Velage - Ruminant - Vitalac

Vêlage précoce : Vitalac accompagne les éleveurs

Jérôme Tondeux, fidèle client Vitalac et adepte du vêlage précoce, a ouvert ses portes au magazine L’ÉLEVEUR LAITIER qui lui consacre une double page dans son édition du mois de février.

Le Gaec Tondeux, pour un vêlage précoce des génisses

Le Gaec Tondeux, situé à Gévezé en Ille et Vilaine, a fait le choix d’optimiser la rentabilité de son système d’exploitation via le levier du vêlage précoce de ses génisses dès l’âge de 12 mois. Jérôme Tondeux explique notamment que le but recherché est de maximiser son temps pour le consacrer aux soins de son troupeau.

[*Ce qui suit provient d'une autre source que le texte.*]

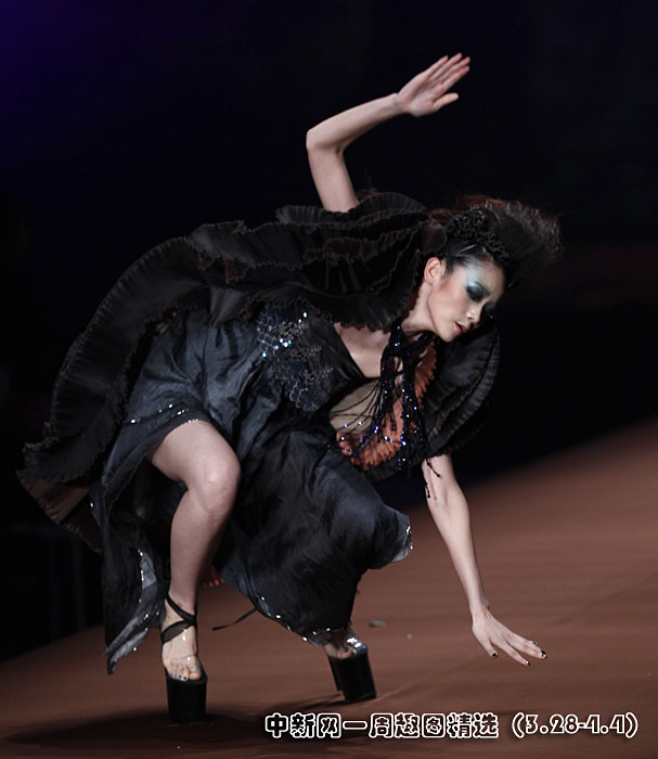 3月29日晚,旭化成·中國(guó)時(shí)裝設(shè)計(jì)師創(chuàng)意大獎(jiǎng)張義超作品發(fā)布會(huì)在北京舉行,一名模特在T型臺(tái)上“失足”摔倒。圖片來源:中國(guó)新聞網(wǎng)>>點(diǎn)擊觀看詳細(xì)內(nèi)容

Il a opté pour un vêlage précoce à 21 ou 22 mois et détaille toutes les pratiques mises en place  pour un résultat optimal :  phase de préparation particulière pour les vaches taries (Vitaform, Anion Booster, Glycoline…), drenchage de la mère dès la mise bas (Vitadrench) et passage rapide à la poudre de lait pour les veaux (Génilac). Grâce à ses méthodes, le Gaec a pour objectif de produire un maximum de lait (objectif fixé : 710 000 litres) avec un minimum de vaches (71 logettes). 

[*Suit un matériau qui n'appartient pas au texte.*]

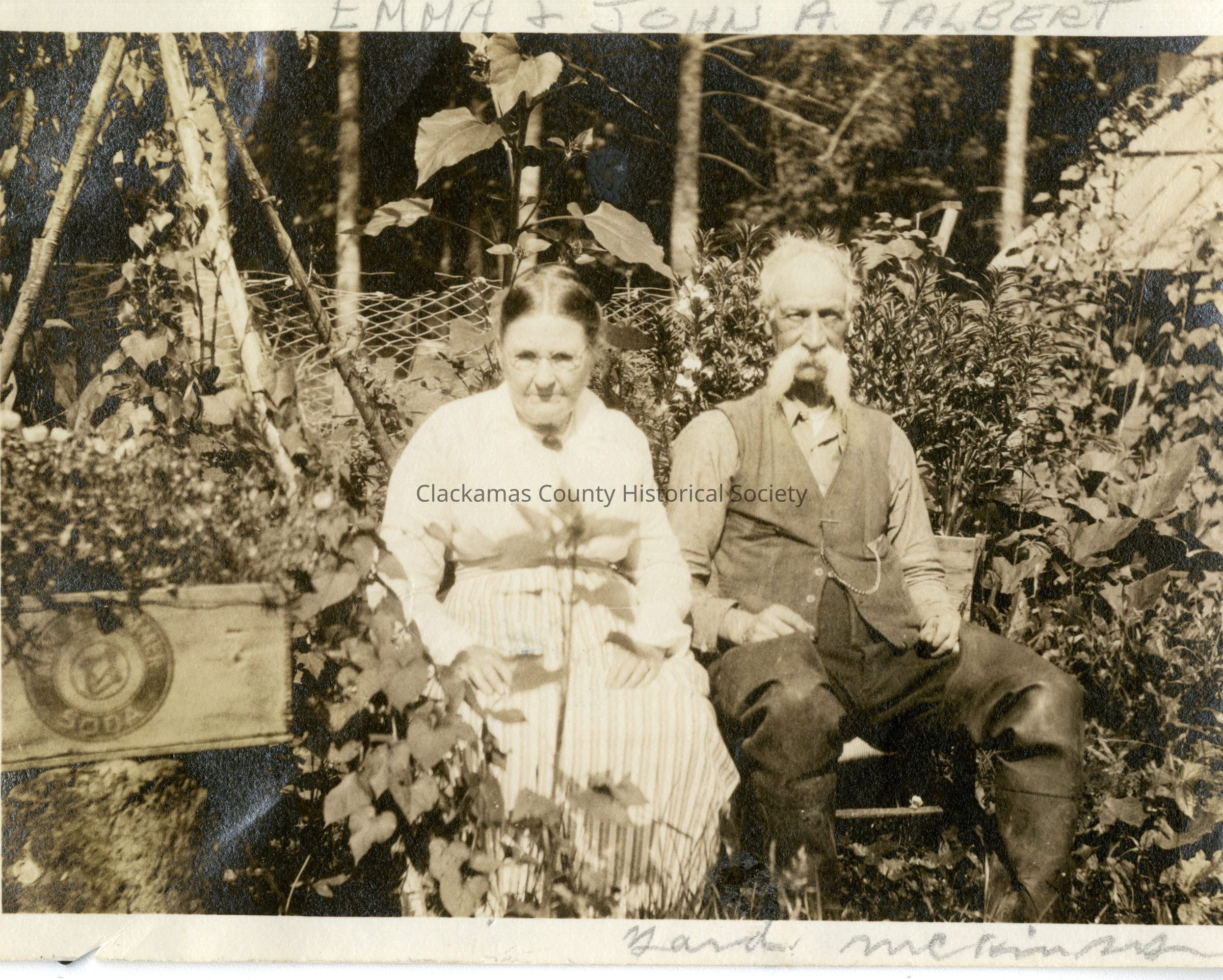Emma (Davis) and John A. Talbert, sitting in their yardInscription/Signature/Marks

Dans la plaquette “Génisse : préparer la carrière d’une vache laitière”, vous retrouverez les quatre étapes clés à respecter pour des résultats concluants comme la prise colostrale, la phase lactée, le sevrage et le poste-sevrage. Elle aborde également les problèmes sanitaires du veau et leur prévention.

Plaquette Génisse

 

L’importance d’un audit…

Outre son expérience et son savoir-faire, Jérôme Tondeux peut compter sur le suivi et les  conseils avisés du technicien Vitalac de son secteur et de Philippe Arzul, vétérinaire et chef de produits bovin chez Vitalac. En se déplaçant directement dans les élevages, ce dernier compte  plus de 150 audits  à son actif chaque année. Ces audits sont souvent motivés pour des pathologies chroniques (mammites, comptages cellules élevés, troubles de la fécondité, mortalité excessive, sous production…). L’intervention, qui se déroule sur une demi-journée ou plus, permet de poser un diagnostic précis et propose des solutions compatibles avec le système d’élevage. Un rapport écrit reprenant tous les points évoqués lors de l’audit est remis à l’éleveur et une visite de contrôle est réalisée sous 1 à 3 mois. Suite à l’audit, la plupart des éleveurs s’engagent sur un contrat de suivi de troupeau régulier qui comporte 2 à 4 passages par an et un contact permanent par téléphone.